So, you've built a life in Canada, but the thought of figuring out your tax situation back in India probably feels like a giant puzzle. Believe me, you're not alone. Many Non-Resident Indians (NRIs) find themselves in this exact spot, wondering what income is taxable, how to avoid paying tax twice, and what forms they actually need to file.
The good news? It's manageable. The key is understanding a few core principles and staying organized. Think of this as your friendly, no-nonsense guide to making sense of NRI taxation in India while you're enjoying life in Canada.
First Things First: Your Residency Status is Everything
Here's the thing: when it comes to Indian taxes, your residency status is far more important than your citizenship. Just because you're an Indian citizen doesn't automatically mean you're a "resident" for tax purposes.
The Income Tax Act of India defines an NRI based on the number of days you spend in India during a financial year (April 1st to March 31st). Broadly speaking, you're considered an NRI if you've been:
- Outside India for 182 days or more in the current financial year, OR
- Outside India for 120 days or more in the current financial year and 365 days or more in the four preceding financial years (this specific rule applies to those with Indian income exceeding a certain threshold).
Most NRIs living in Canada will easily meet the first condition, making them non-residents for Indian tax purposes. Why does this matter? Because an NRI is generally only taxed on income that accrues or arises in India, or is received in India. Income earned in Canada, for instance, is typically not taxable in India.
Important Tip: Don't confuse your immigration status in Canada with your tax residency status in India. They are completely separate. Always confirm your Indian tax residency status each financial year.
What Income is Taxable in India for an NRI in Canada?
Alright, let's get down to brass tacks. As an NRI in Canada, you're primarily concerned with income sources linked to India. This usually includes:
- Rental Income: If you own property in India and rent it out, that income is taxable in India.
- Interest Income: Interest earned from certain bank accounts in India, like NRO (Non-Resident Ordinary) accounts, Fixed Deposits, or bonds.

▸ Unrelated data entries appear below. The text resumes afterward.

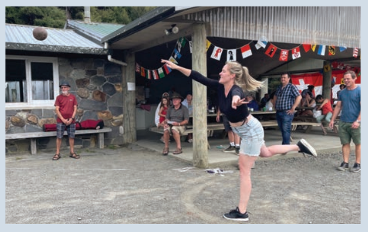
'Frauenpower' in action at the Swiss picnic event and Society Games in Auckland.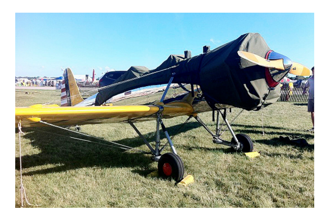
Ryan PT-22 Canopy Cover and Engine Cover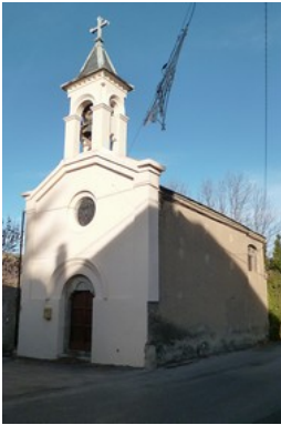
Saint Antoine de Rô church before and after the painting of the facade in 2015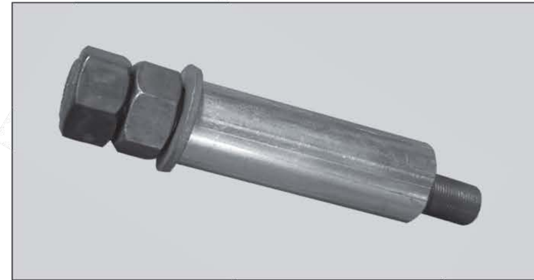
42919 Rear shock removal and installation tool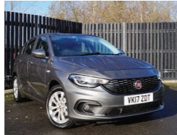
2017 Fiat Tipo 1.4 T-Jet Easy Plus, VK17 ZDT, Grey, 6,737 miles, £12,950. Air Conditioning, DAB Radio, Cruise, Electric Windows, 5in Touchscreen, Parking Sensors, Hill Holder.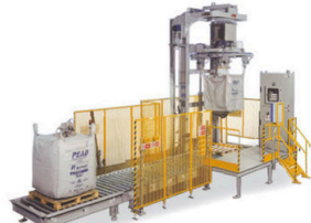
GROSS/B Big Bag gross weighing and filling system. Up to 30 big bph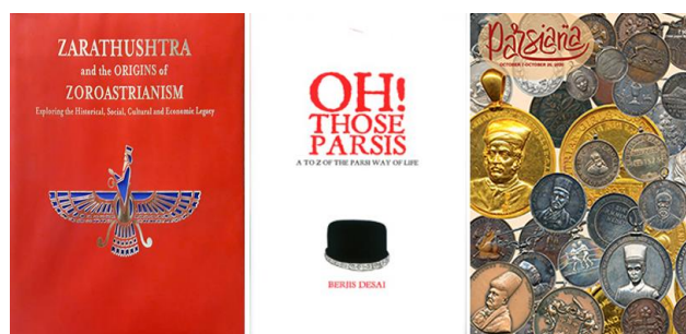
Pic 7: Some books and the magazine “Parsiana”

One periodical I found in the house was “Parsiana”, a magazine about and for the Parsi community. It disturbed me to see that only about 66,000 persons of this once thriving and prosperous community survived on that day (1996). I was interested also because one of my sister in laws is (was) a Parsi. One of the reasons for this decline could be that if a Parsi marries a non Parsi he/she is excommunicated from the fold and ceases to be a Parsi (This rule has finally changed). Due to their dwindling numbers and inter-marriages to keep the community pure, the community ended up having a lot of medical issues.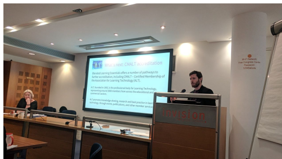
Images from TUC workshop, 7 Dec 2017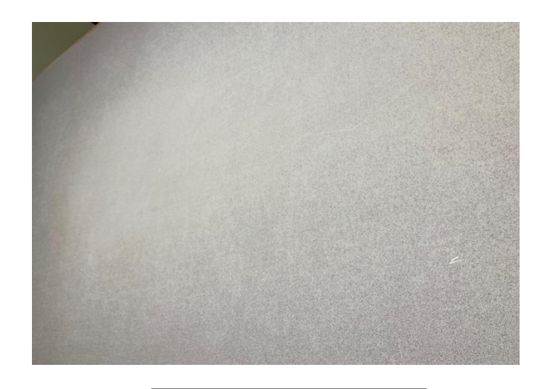
Chair from Adult Day Activity Center is spotted.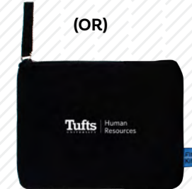
b Canvas zippered bag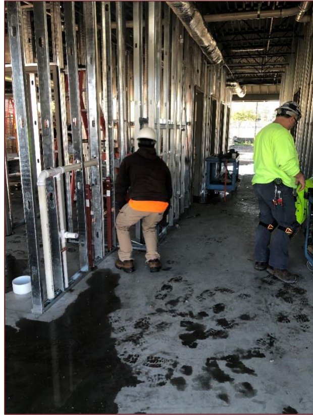
The carpenter's work.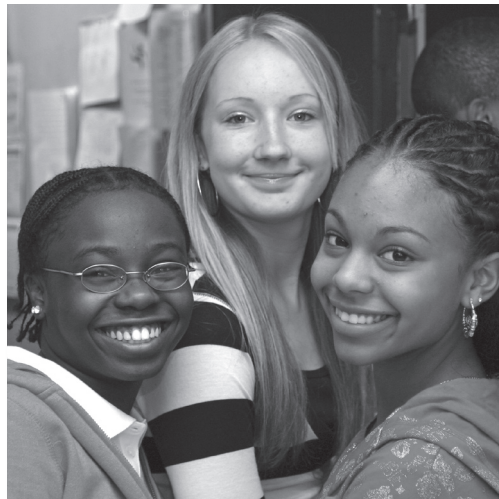
Rush-Henrietta is celebrating measurable academic growth among students.

In 2007, 94 percent of students passed the U.S. History and Government exam, which is the highest passing percentage the district has achieved in the past three years.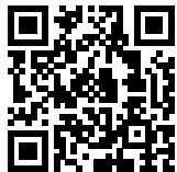
Photo Shoot Special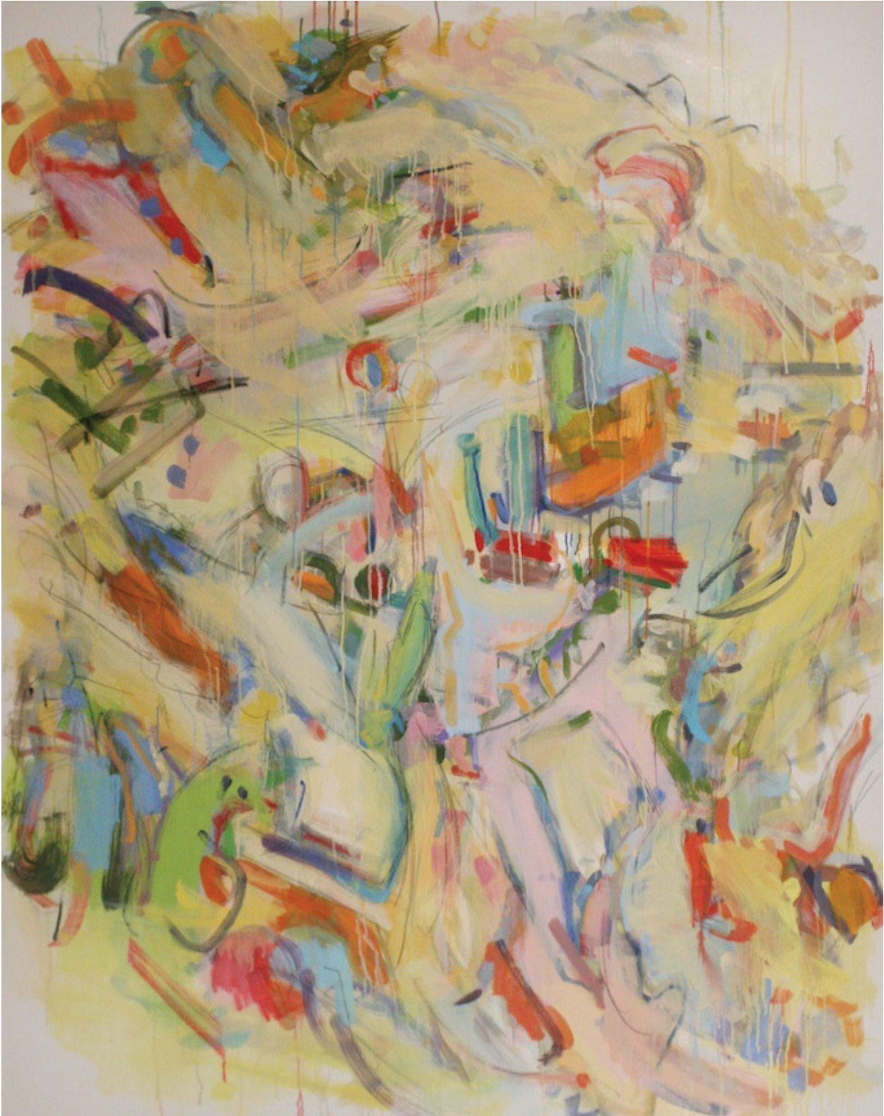
Corciano, 2010, oil on canvas, 60" x 48"

- Capital Gains: Profits from selling assets located in India, such as property, shares of Indian companies, or mutual funds.

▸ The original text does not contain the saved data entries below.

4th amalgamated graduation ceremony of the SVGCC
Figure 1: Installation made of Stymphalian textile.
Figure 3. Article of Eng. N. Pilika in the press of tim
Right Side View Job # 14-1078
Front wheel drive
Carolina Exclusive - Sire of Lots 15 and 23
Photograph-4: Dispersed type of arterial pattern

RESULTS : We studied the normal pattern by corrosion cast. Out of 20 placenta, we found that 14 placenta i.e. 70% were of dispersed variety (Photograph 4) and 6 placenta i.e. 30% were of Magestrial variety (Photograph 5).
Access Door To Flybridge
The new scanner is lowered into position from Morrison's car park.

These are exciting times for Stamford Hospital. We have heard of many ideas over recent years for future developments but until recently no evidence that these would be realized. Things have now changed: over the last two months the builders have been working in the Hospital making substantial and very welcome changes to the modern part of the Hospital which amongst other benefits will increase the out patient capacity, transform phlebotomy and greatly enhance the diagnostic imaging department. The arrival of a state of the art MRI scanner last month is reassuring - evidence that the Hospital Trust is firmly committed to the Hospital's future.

- Business or Professional Income: If you have a business or profession that has a "permanent establishment" or connection in India.
- Salary/Pension: If you receive a pension from an Indian employer or your salary is for services rendered in India.
What's generally not taxable in India for you? Your Canadian salary, Canadian investment income, or any other income earned and received outside of India.
The India-Canada Double Taxation Avoidance Agreement (DTAA)
This is a big one, and it's designed to prevent you from paying tax on the same income in both India and Canada. India has a DTAA with Canada, which is incredibly helpful.
In simple terms, the DTAA provides rules for how certain types of income should be taxed when an individual is a resident of one country (Canada, in your case) and earns income from the other (India). It often specifies which country has the primary right to tax, or how relief from double taxation (usually through a credit system) should be provided.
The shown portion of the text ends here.